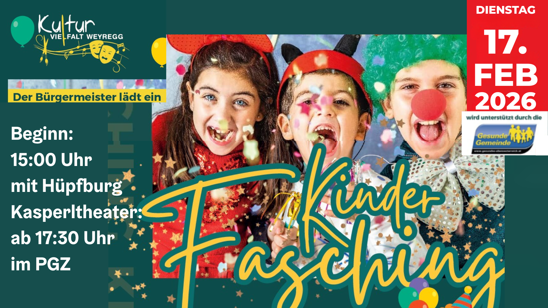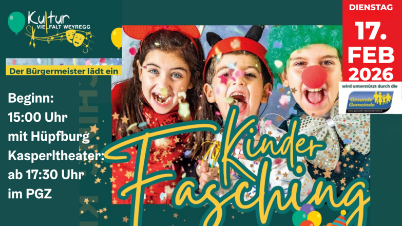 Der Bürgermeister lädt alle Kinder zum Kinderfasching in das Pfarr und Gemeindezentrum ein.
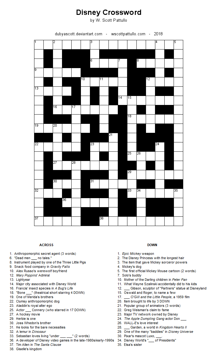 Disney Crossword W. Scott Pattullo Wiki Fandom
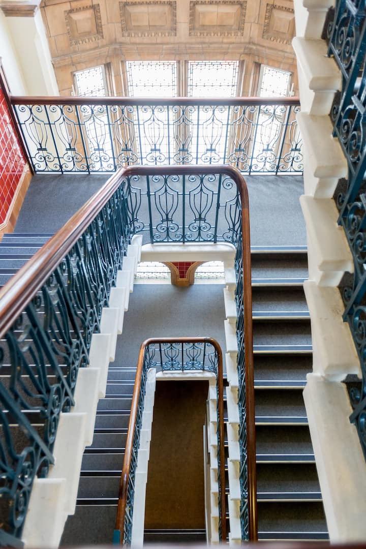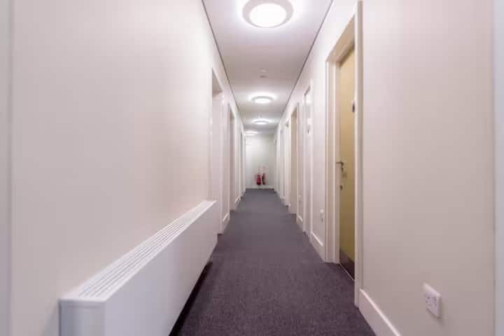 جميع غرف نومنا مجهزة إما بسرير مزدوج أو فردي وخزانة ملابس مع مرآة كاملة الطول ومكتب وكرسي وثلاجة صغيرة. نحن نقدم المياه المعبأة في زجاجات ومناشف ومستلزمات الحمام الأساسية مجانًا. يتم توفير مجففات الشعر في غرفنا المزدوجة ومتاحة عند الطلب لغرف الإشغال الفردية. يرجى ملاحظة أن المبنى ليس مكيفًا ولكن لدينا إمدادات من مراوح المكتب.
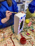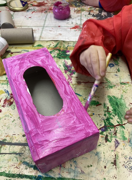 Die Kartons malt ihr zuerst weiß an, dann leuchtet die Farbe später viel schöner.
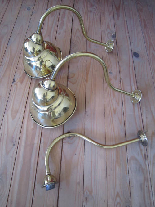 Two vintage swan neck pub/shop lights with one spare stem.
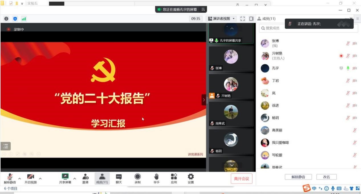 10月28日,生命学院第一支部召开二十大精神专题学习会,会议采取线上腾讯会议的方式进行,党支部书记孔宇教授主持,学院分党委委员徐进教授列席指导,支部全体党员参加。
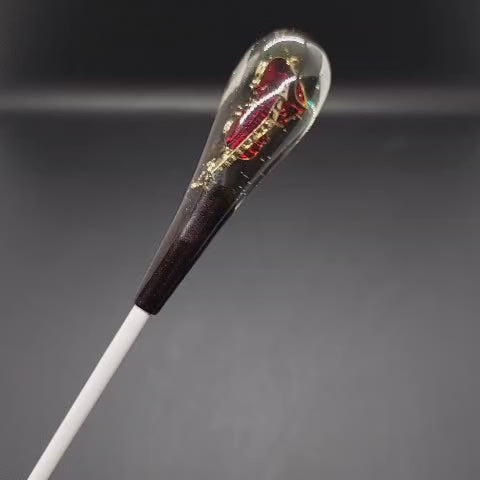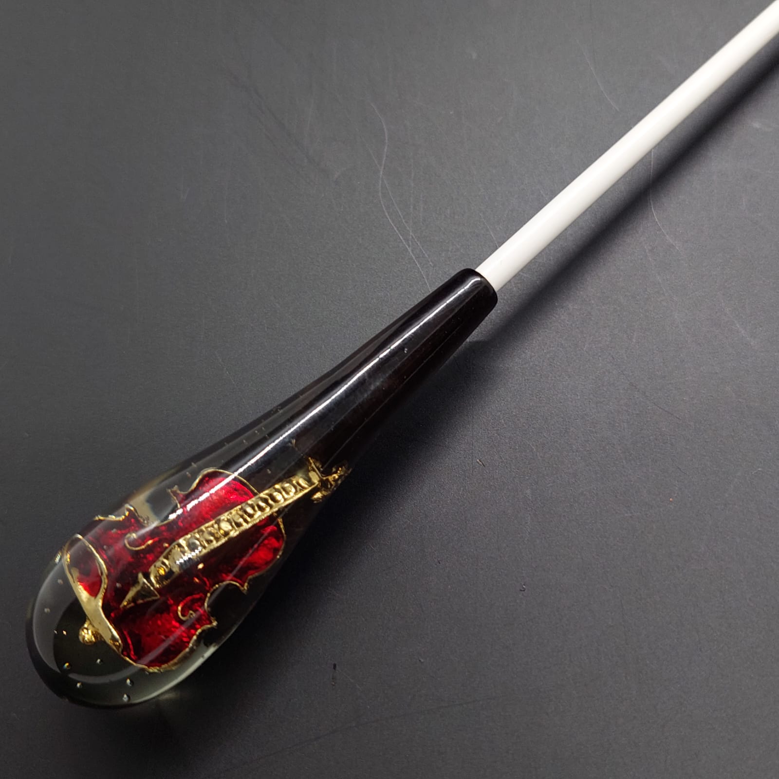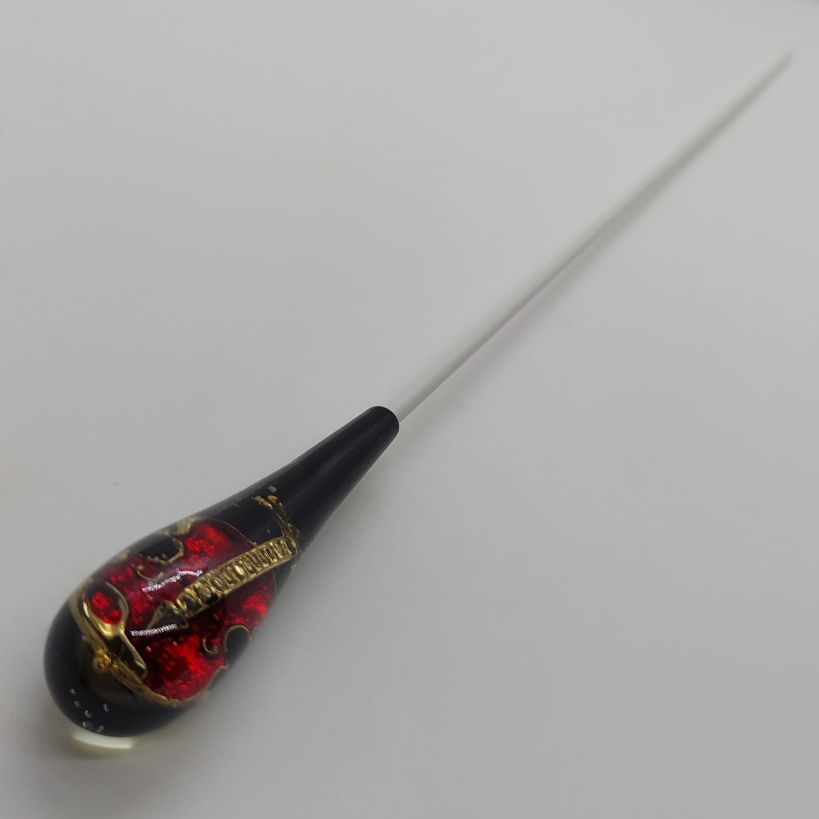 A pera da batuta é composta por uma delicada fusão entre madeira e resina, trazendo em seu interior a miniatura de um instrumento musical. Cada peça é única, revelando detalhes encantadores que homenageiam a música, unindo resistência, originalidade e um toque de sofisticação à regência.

• • •

The records above are to be reproduced exactly; the pictures are to be left out.

 Der Bürgermeister lädt alle Kinder zum Kinderfasching in das Pfarr und Gemeindezentrum ein.
 Disney Crossword W. Scott Pattullo Wiki Fandom
 جميع غرف نومنا مجهزة إما بسرير مزدوج أو فردي وخزانة ملابس مع مرآة كاملة الطول ومكتب وكرسي وثلاجة صغيرة. نحن نقدم المياه المعبأة في زجاجات ومناشف ومستلزمات الحمام الأساسية مجانًا. يتم توفير مجففات الشعر في غرفنا المزدوجة ومتاحة عند الطلب لغرف الإشغال الفردية. يرجى ملاحظة أن المبنى ليس مكيفًا ولكن لدينا إمدادات من مراوح المكتب.
 Die Kartons malt ihr zuerst weiß an, dann leuchtet die Farbe später viel schöner.
 Two vintage swan neck pub/shop lights with one spare stem.
 10月28日,生命学院第一支部召开二十大精神专题学习会,会议采取线上腾讯会议的方式进行,党支部书记孔宇教授主持,学院分党委委员徐进教授列席指导,支部全体党员参加。
 A pera da batuta é composta por uma delicada fusão entre madeira e resina, trazendo em seu interior a miniatura de um instrumento musical. Cada peça é única, revelando detalhes encantadores que homenageiam a música, unindo resistência, originalidade e um toque de sofisticação à regência.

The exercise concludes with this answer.